• Data shown:
+ + +
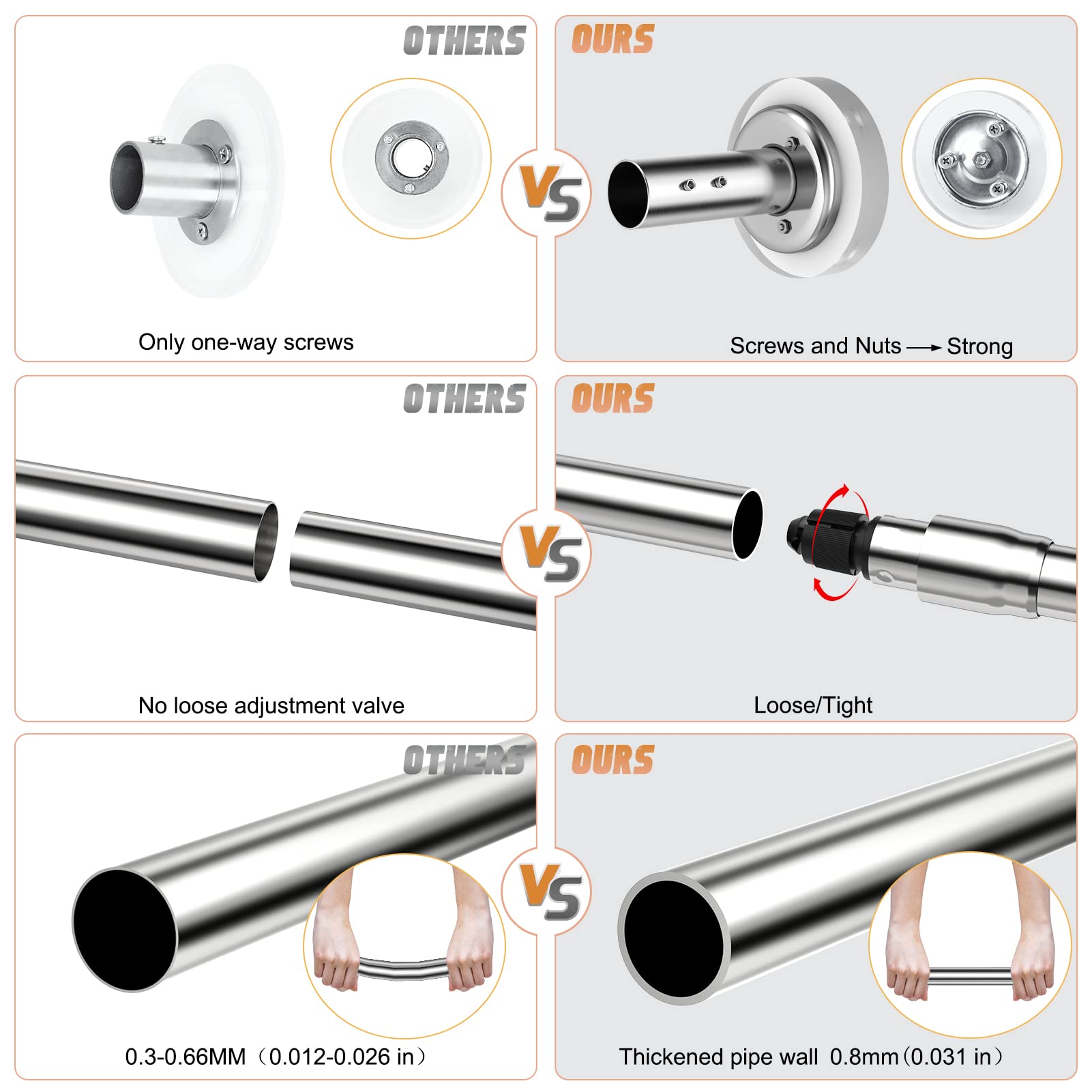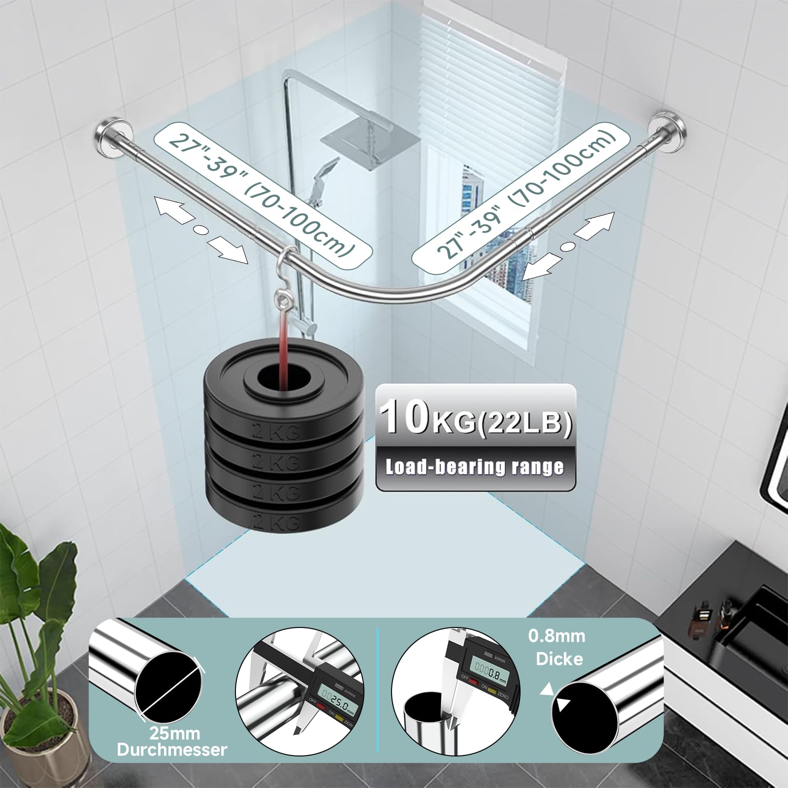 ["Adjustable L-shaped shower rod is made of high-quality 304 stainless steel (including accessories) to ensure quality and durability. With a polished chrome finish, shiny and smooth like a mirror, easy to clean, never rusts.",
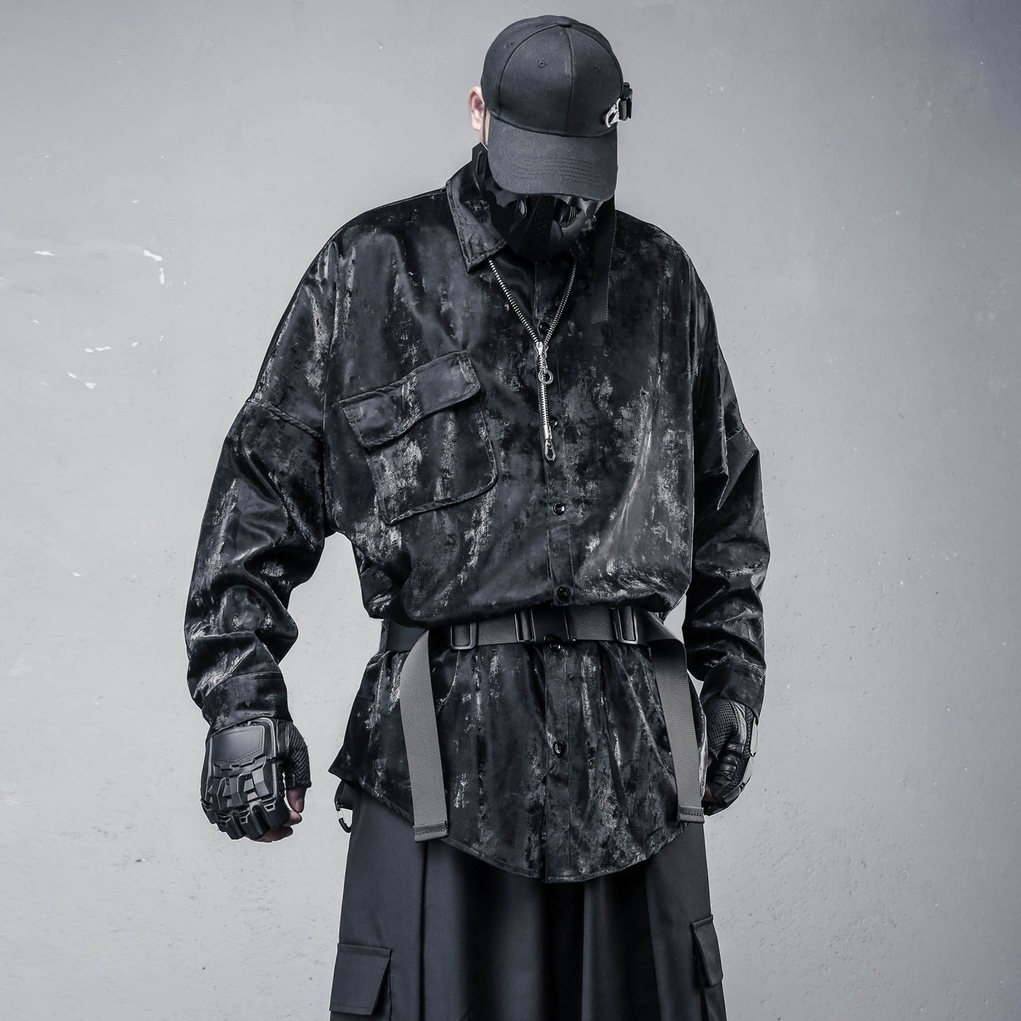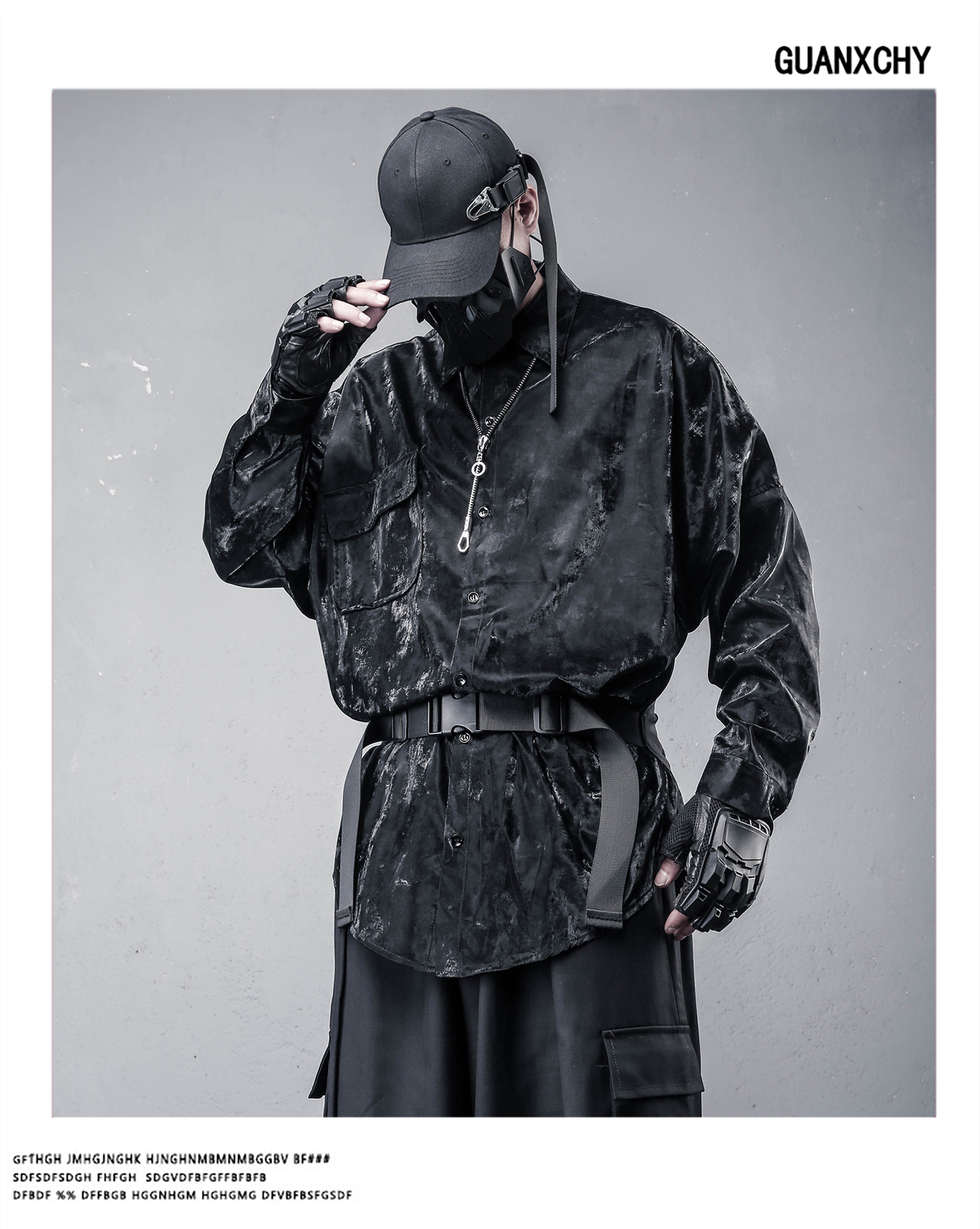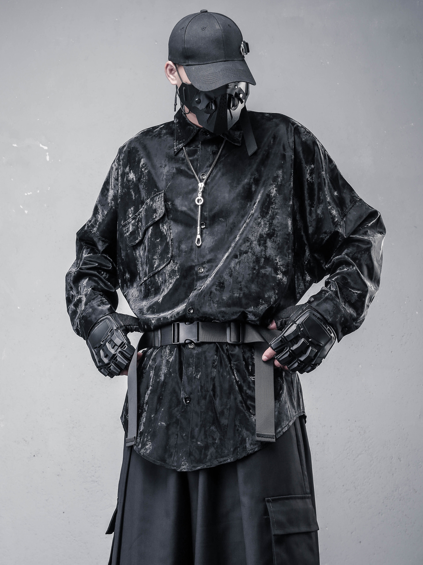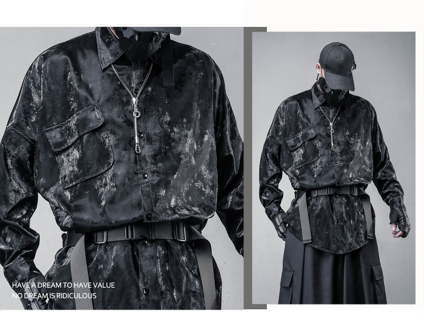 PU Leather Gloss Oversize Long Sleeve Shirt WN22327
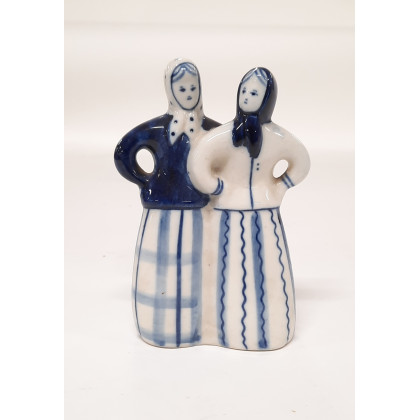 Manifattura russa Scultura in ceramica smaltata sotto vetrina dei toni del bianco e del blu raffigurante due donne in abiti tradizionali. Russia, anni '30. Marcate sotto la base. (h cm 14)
+ + +
• The problem:
Extract, word for word, each line from the top of the data down to and including the line with "PU Leather Gloss"; skip the pictures.

• Expected answer:
 ["Adjustable L-shaped shower rod is made of high-quality 304 stainless steel (including accessories) to ensure quality and durability. With a polished chrome finish, shiny and smooth like a mirror, easy to clean, never rusts.",
 PU Leather Gloss Oversize Long Sleeve Shirt WN22327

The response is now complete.